Como cabría esperar, hay varias historias de cómo Sean Connery llegó a la esfera de los productores. Que si les presentó un amigo común, que si Saltzman le vio en On the Fiddle. Lo cierto es que el Connery bruto, desastrado y de espesas cejas que se presentó a la audición no parecía un hombre de mundo sino un pastor de las Highlands, pero Broccoli quería para interpretar a Bond a un actor "con pelotas", y en su interpretación magnética Connery demostró que de eso iba sobrado. Además, parecía más factible refinar a un cabrero que embrutecer a un gentleman. Y de todas formas habían percibido en él cierto gracejo natural que iba muy bien con el papel.
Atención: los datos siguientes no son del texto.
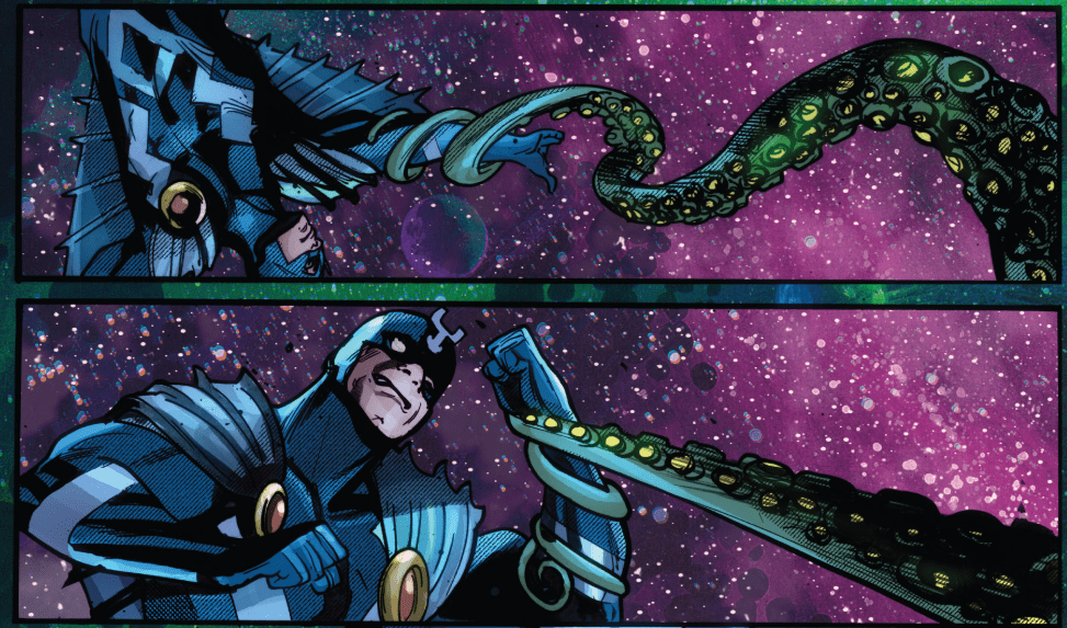 This issue begins still in flashback, located “within the fault,” in deep space, where Black Bolt is under attack by tentacles (wa-hey!). This goes on for a bit until Black Bolt is rescued by the Inhumans’ teleporting dog Lockjaw. On the Kree homeworld of Hala, we’re reminded that the Inhumans recently took that throne, with Medusa ruling in Black Bolt’s place. The Kree all kneel in awe of Black Bolt’s strength and might.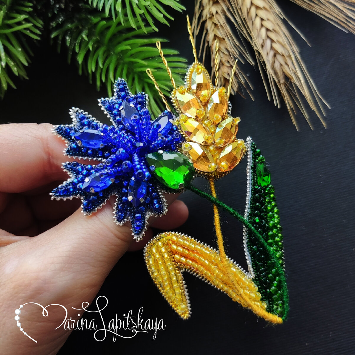 Всё цветут и цветут васильки... С. Угрюмова Для изготовления броши понадобятся: ▪️ фетр жесткий толщиной 1 мм (белый), ▪️ акриловые краски, ▪️ бисер чешский № 10 (синих, зелёных и жёлтых оттенков), ▪️ стразовая цепочка 2 мм (красная, серебристая, зелёная), ▪️ канитель жесткая серебристая, зелёная, синяя, жёлтая, ▪️ стразы 6х12 мм золотистые - 7 шт, ▪️ страз "капля" 10х14 мм - 1 шт. зелёного цвета, ▪️ страз 6х12 мм зелёный - 1 шт., ▪️ стразы "наветт" синие (сапфировые) 5х10 мм - 5 шт., ▪️ рондель 4 мм (синий) - 1 шт., ▪️ нитки для вышивания (зелёные и жёлтые), ▪️ проволока толщиной 0,6-0,8 мм для стебля, ▪️ проволока латунная толщиной 0,4-0,5 мм для остей, ▪️ основа для броши - 1 шт. (35 мм), ▪️ нитки капроновые №50, мононить для обшивки, ▪️ клей "Момент-Кристалл" и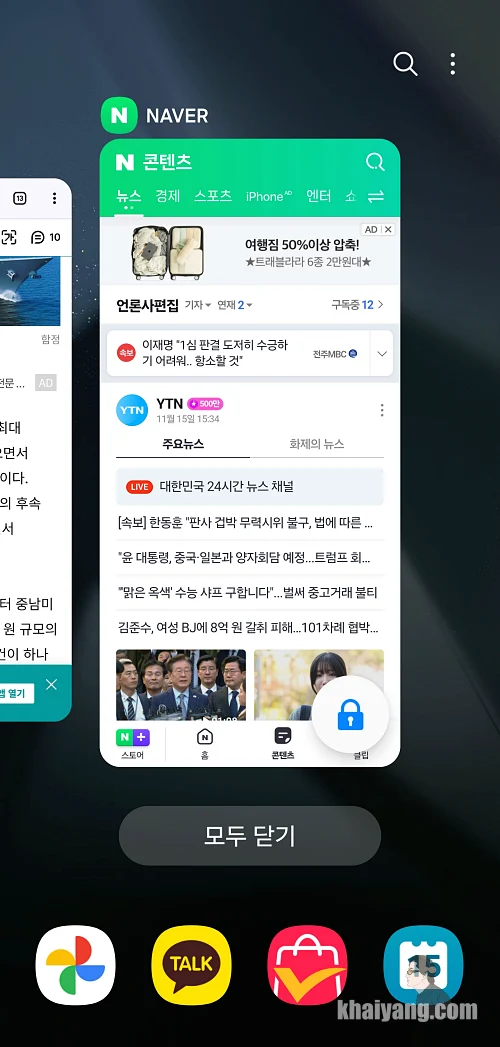 그러면 이렇게 하단에 자물쇠 표시가 되 있는 걸 볼 수 있습니다. 이렇게 되면 자물쇠 표시가 되어 있는 앱은 하단에 있는 모두 닫기를 선택해도 닫히지 않고 남아 있습니다.

Así que una vez tuvieron claro que Connery era su hombre, le dejaron en manos de Young, quien se llevó al actor de viaje por restaurantes caros, casinos y sastres en una extraña versión masculina de Pretty Woman.

Para interpretar al villano No, y tras el rechazo de Max Von Sydow, quien prefirió interpretar a ese curioso Jesucristo modelo 28 de junio, el elegido fue finalmente Joseph Wiseman, quien ya había demostrado ser un villano excepcional en un gran episodio de The Twilight Zone (aunque, al menos en su versión doblada, su doctor No se queda en poco comparado con su actuación en la mítica serie). Bernard Lee, elegido para encarnar a M, el burocrático y profesional jefe de Bond, quedaría asociado a la franquicia hasta la muerte del actor. El amigo americano del espía inglés, Leiter, sería interpretado en esta ocasión por el ínclito Jack Lord, futuro protagonista de Hawai 5-0. Para encarnar a la primera heroína Bond del cine se pensó en Julie Christie, pero aunque era una buena actriz no parecía lo bastante sensual para el papel (viéndola en Doctor Zhivago cualquiera lo diría, pero bueno). Aunque si lo que se buscaba era voluptuosidad a raudales, desde luego dieron en el clavo cuando contrataron a Ursula Andress, destinada a dejar a medio mundo sin habla con su atómica aparición desde las aguas cual Venus de Botticelli. Las otras chicas Bond de la película serían Eunice Gayson (el ocasional ligue del espía) y Zena Marshall, la belleza malvada de turno.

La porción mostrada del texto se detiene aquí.